8 Correlation Trigger
nyanpasu64 edytuje tę stronę 2018-12-05 03:53:01 -08:00

Setup

self._data_taper (const) = self._calc_data_taper()

  • Multiplied by each frame of input audio.
  • Zeroes out all data older than 1 frame old. Leaves all data at t=present and future untouched.
    • Take left half of a Hann cosine taper
    • Right-pad=1 taper to 1 frame long (t-1f to t)
    • Left-pad=0 taper to halfN t-halfN to t, and right-pad=1 taper to N t-halfN to t-halfN+N

self._buffer (mutable) = [0...]

  • Correlated with data (for triggering).
  • Updated with tightly windowed old data at various pitches

self._windowed_step (const) = self._calc_step()

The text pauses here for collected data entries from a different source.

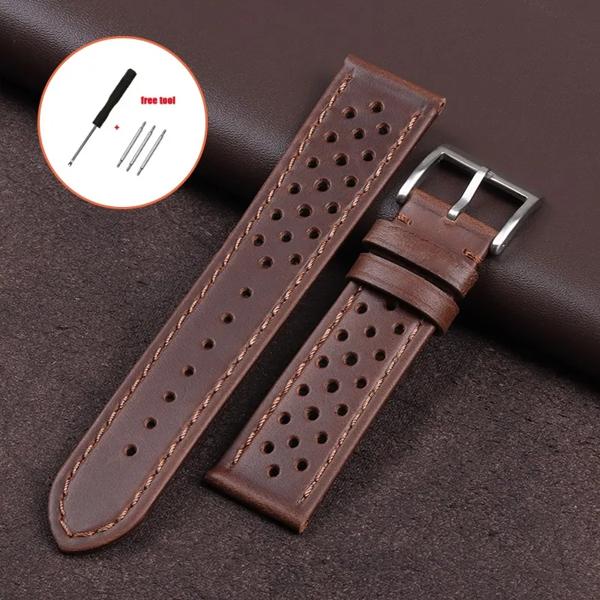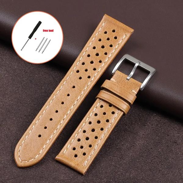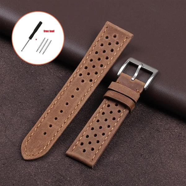 男性と女性のためのヴィンテージ本革ストラップ、ユニバーサル牛革時計バンド、通気性ブレスレット、スポーツリストベルトアクセサリー、18mm、20mm、22mm
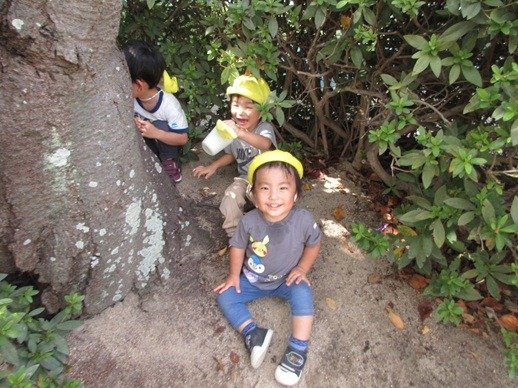 秘密基地みたいな木の間は、子どもたちにとってもワクワクする場所のようです。
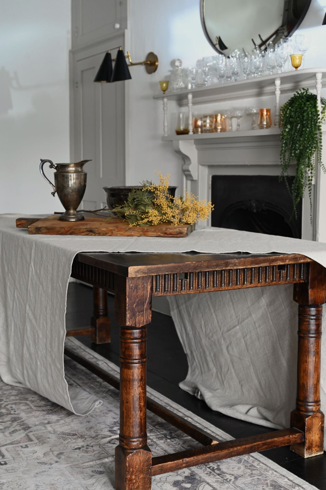 Möchten Sie Ihre neutrale Inneneinrichtung mit der natürlichen Ästhetik Ihres Weihnachtsessens abstimmen oder organisieren Sie eine Dinnerparty und brauchen einen Hintergrund, der Ihre Dekorationen hervorstechen lässt? Legen Sie diese Tischdecke aus natürlichem Leinen mit einem dezenten Silberfaden in beliebiger Größe mit passenden Servietten aus, um die Blasen in Ihrem Bollinger zur Geltung zu bringen.
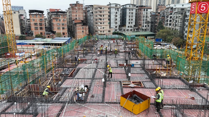 新華社南寧2月6日電(記者黃浩銘)在廣西南寧市雞村城中村改造項目現場,工人正在進行地面主體二層施工,吊機將鋼筋吊裝運輸到各個施工點位,混凝土泵機在進行混凝土澆筑工作,施工現場一片繁忙。為搶抓工期,確?;剡w居民能早日住上新房,春節期間施工現場有近百名工人堅守工作崗位。

  • Added to self._buffer, nonzero if edge triggering is nonzero. Not a data window.
    • Left half is -0.? to -edge_strength, right half is +edge_strength to +0.?.
    • ASCII art: --._|‾'--

Per Frame

  • Get data.
  • Calculate, save, and subtract mean.
  • get_period() Estimate and save fundamental period ( performs autocorrelation).
  • Compute falloff_window (width proportional to period).
    • This ensures we don't travel more than +-2 wavelengths or so, searching for a match.
    • Computationally expensive. I cache results, the details are unimportant (<=1 semitone of change)
  • Multiply data by min(falloff_window, self._data_taper
    • This ensures we don't travel more than +-2 wavelengths or -1 frame back in time (whichever is narrower)
  • Cross-correlate with self._buffer + self._windowed_step.
  • Find peak (slightly simplified).

Per Frame (after trigger)

  • Get new data around peak. Subtract mean (saved above).
  • Multiply data by Gaussian window (width proportional to period) (saved above)
  • self._buffer = lerp(self._buffer, data)

Some normalization details missing, see code.

Design

Contributions to history buffer are tightly windowed (to remain nearly in-phase despite pitch changes). Consequently, when performing correlation, new data is gently windowed so it can slide past the history buffer.

Each contribution to buffer is windowed by pitch and normalized by amplitude, not accumulated power. So long-period bass contributes disproportionately to cross-correlation. (Though AFAIK this does not cause issues in practice.)